The RE approach [12, 16], although fundamentally different from the time series analysis approach taken here, produces results that are qualitatively similar, i.e., they estimate biotic interactions that can be categorized in the same way as our results into PI, PD, NI and ND. Comparison finds concordance between our results, and RE results in that more negative than positive interactions were observed (Additional file 1: Figure S16 E, J) and that more competition was observed within than between groups (p << 0.001; Additional file 1: Figure S18). This follows the general expectation that stronger competition would stem from a higher degree of metabolic overlap, which is linked with phylogenetic relatedness.

We also used the complementary and competitive indices as proxies for ecological connectivity (higher value = more connected), summing the indices of species within each of the six main phyla for comparison with time series analysis results (Fig. 4, Additional file 1: Figure S16). The results from RE are similar to the results from time series analysis in that Firmicutes and Bacteroidetes are the most highly connected groups (Additional file 1: Figure S16A–E). However, in contrast to time series analysis results, the six phyla are roughly equal in terms of mean connectedness estimated from the RE approach (Additional file 1: Figure S16 J).
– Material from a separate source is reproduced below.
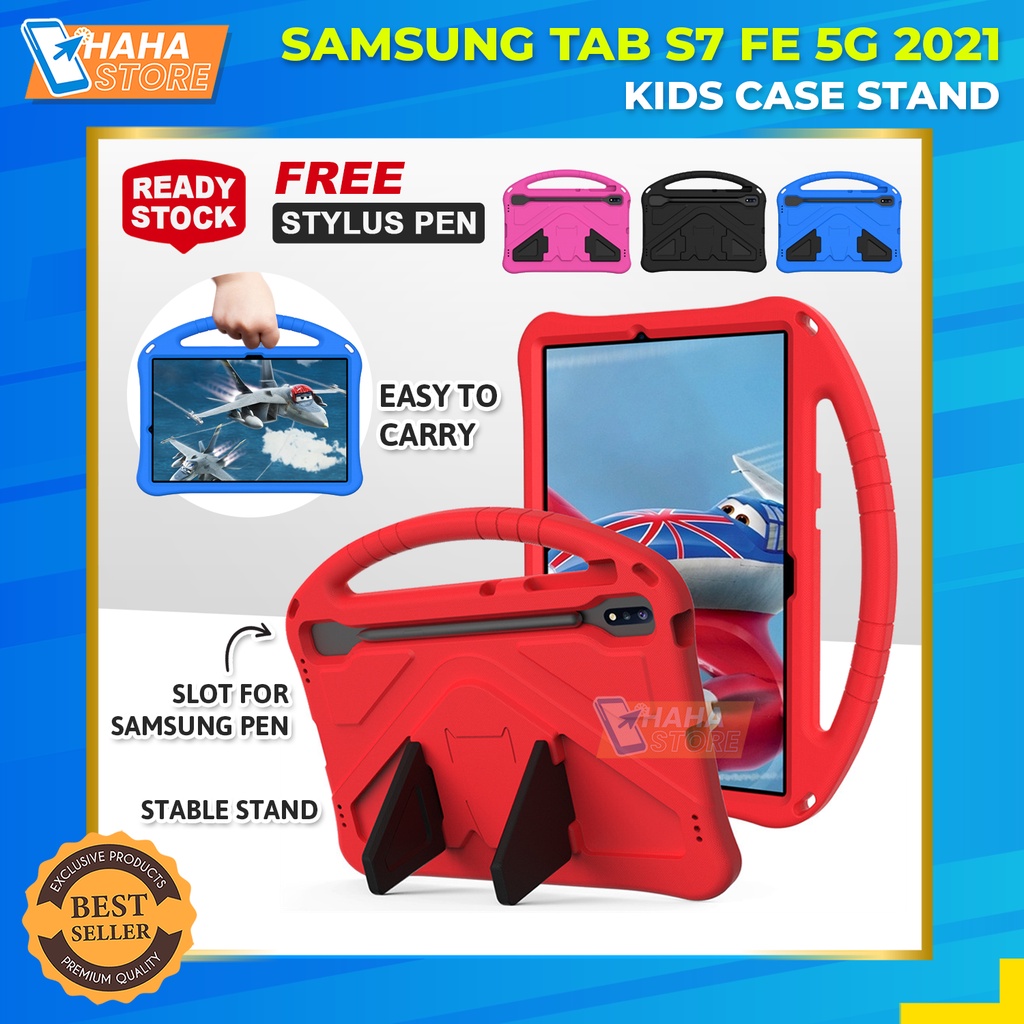 Samsung Galaxy Tab S7 FE 5G 2021 SM T730 T736B Protective Case Kid Stand Sarung Casing Anak Kesing Armor Hand Strap Jinjing Pelindung Tablet

Comparison of co-occurrence modelling and time series analysis

Co-occurrence modelling, sometimes used in cross-sectional community studies for inference of biotic interactions, is based on the rationale that negatively and positively correlated occurrence patterns arise from negative and positive interactions, respectively [17]. Here, we analysed co-occurrence of taxa within each of the individuals and compared coefficients of contemporaneous correlation to regression coefficients from time series analysis. In each individual, we found a negative correlation (−0.68, −0.48, −0.70 and −025 for I1–I4, respectively; Spearman correlations) between co-occurrence and time series modelling results. A more detailed analysis (generalized additive models) showed these relationships to be highly significant and mostly non-linear (Additional file 1: Figure S12).

Using the lens of enterotyping to view longitudinal data

In order to see if enterotypes are stable over time, we looked at temporal patterns of relative abundances of Bacteriodes, Ruminococcus, and Prevotella as well as a species rich fourth group of Clostridiales belonging to the Lachnospiraceae family and the genus Blautia (Additional file 1: Figure S19). These are the main bacterial groups associated with distinct enterotypes in previous publications [14, 18]. For I2, I3 and I4, there was no strong evidence of enterotype clustering (average silhouette widths of 0.23, 0.18 and 0.29, respectively). In addition, for these individuals, there was generally poor agreement between silhouette widths and Calinski-Harabasz indices for determining optimal cluster numbers, further indicating a poor fit to the data. For I1, however, there was support for two distinct clusters (Fig. 7a, b). This is in agreement with previously reported results [19].

Fig. 7
figure 7

Enterotype switching in I1. a Average silhouette widths of different cluster numbers indicate that two clusters provide a reasonable fit to the data. b PCoA plot of samples from I1 showing two distinct clusters. c Relative abundance of Prevotella in samples corresponding to enterotype 1 (red) and 2 (green). d Relative abundance of Bacteroides in samples corresponding to enterotype 1 (red) and 2 (green)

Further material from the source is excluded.